Les Muses françaises (Gérard)/Adélaïde Dufrénoy

Les Muses françaisesFasquelle (Collection : Bibliothèque Charpentier) (p. 88-91).

1765-1825

ADÉLAÏDE DUFRÉNOY

Sous un ciel mal ensoleillé,
D’abord sa vie est assez triste,
Car son mari, pauvre greffier,
Devient aveugle ; elle l’assiste ;

Et c’est elle, patiemment,
Qui, de son aimable écriture,
Transcrit les arrêts, jugements
Et tous actes de procédure.

Pourtant, elle trouve le temps,
Dans l’étude aux murs de tristesse,
D’écrire d’aimables romans
Pour l’enfance et pour la jeunesse.

Et puis la voici veuve un jour…
Et, dans un déjeuner champêtre,
Elle rencontre enfin l’amour
Qu’elle attendait sans le connaître.

Cet amant, qu’apporte l’été,
C’est Fontanes, le grand Fontanes,
Maître de l’Université…
L’ombre tremblante d’un platane


Rapproche leurs fronts amoureux…
Et voici qu’elle est son amie
Juste alors qu’il fait son fameux
Poème sur l’astronomie…

Un astronome pour amant
C’est un amant plein de ressource ;
Mais qui vous quitte brusquement
Pour Vénus ou pour la grande Ourse…

Près de cet amant qui rêva,
Elle est une muse suprême !
Mais, lorsque Fontanes s’en va,
Elle n’est plus rien qu’elle-même :

Adélaïde Dufrénoy,
Pauvre femme aux brusques alarmes,
Qui passait mille fois par mois
Des pleurs aux chants, du rire aux larmes…

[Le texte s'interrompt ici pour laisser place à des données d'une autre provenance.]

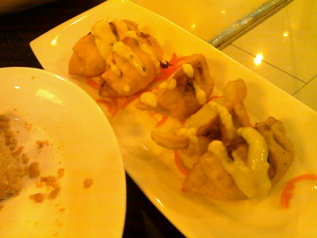 团过这里的团购餐,40多元的双人套餐有一份蟹子炒饭一份芝士肉酱焗意粉半打鸡肉串烧/牛肉串烧2选1香煎多春鱼半打手拍青瓜一份海鲜南瓜忌廉汤两份主食的分量很大,炒饭和意粉味道不功不过,可以接受选了鸡肉串半打很好吃,烤得很香,鲜嫩多汁多春鱼也比较一般,稍微有点腥,煎得太干了手拍青瓜挺新鲜的,味道不错南瓜忌廉汤很香浓很粘稠,味道很好喝总体来说挺实惠的,是性价比很高的一餐…查看更多

Caprice éternel !… C’est pourquoi
Les pages des dictionnaires
Disent : « Madame Dufrénoy
Avait bien mauvais caractère. »

Et c’est le reproche toujours
Que feront les anthologies
À ce corps bien fait pour l’amour,
À ce cœur mal fait pour la vie…

Hélas ! pour avoir autrefois
Transcrit les torts, les préjudices,
Elle gardait au bout des doigts
L’encre sombre de la Justice ;


Elle savait tous les dessous
De la loi morale et morose :
Qu’on vous prend jusqu’au dernier sou
Sitôt qu’on donne quelque chose ;

Qu’on ne peut jamais se fier
Au rêve qu’on a cru construire,
Et que l’amour est un huissier
Qui prend jusqu’au dernier sourire…


Séparateur

L’AMOUR

Passer ses jours à désirer
Sans trop sçavoir ce qu’on désire ;
Au même instant rire et pleurer,
Sans raison de pleurer et sans raison de rire ;
Redouter, le matin, et, le soir, souhaiter
D’avoir toujours droit à se plaindre ;
Craindre quand on doit se flatter,
Et se flatter quand on doit craindre ;
Adorer, haïr son tourment ;
À la fois s’effrayer, se jouer des entraves,
Glisser légèrement sur les affaires graves
Pour traiter un rien gravement ;
Se montrer, tour à tour, dissimulé, sincère,
Timide, audacieux, crédule, méfiant ;
Trembler, en tout sacrifiant,
De n’en point encore assez faire ;
Soupçonner les amis qu’on devrait estimer,
Être le jour, la nuit, en guerre avec soi-même :
Voilà ce qu’on se plaint de sentir quand on aime,
Et de ne plus sentir quand on cesse d’aimer.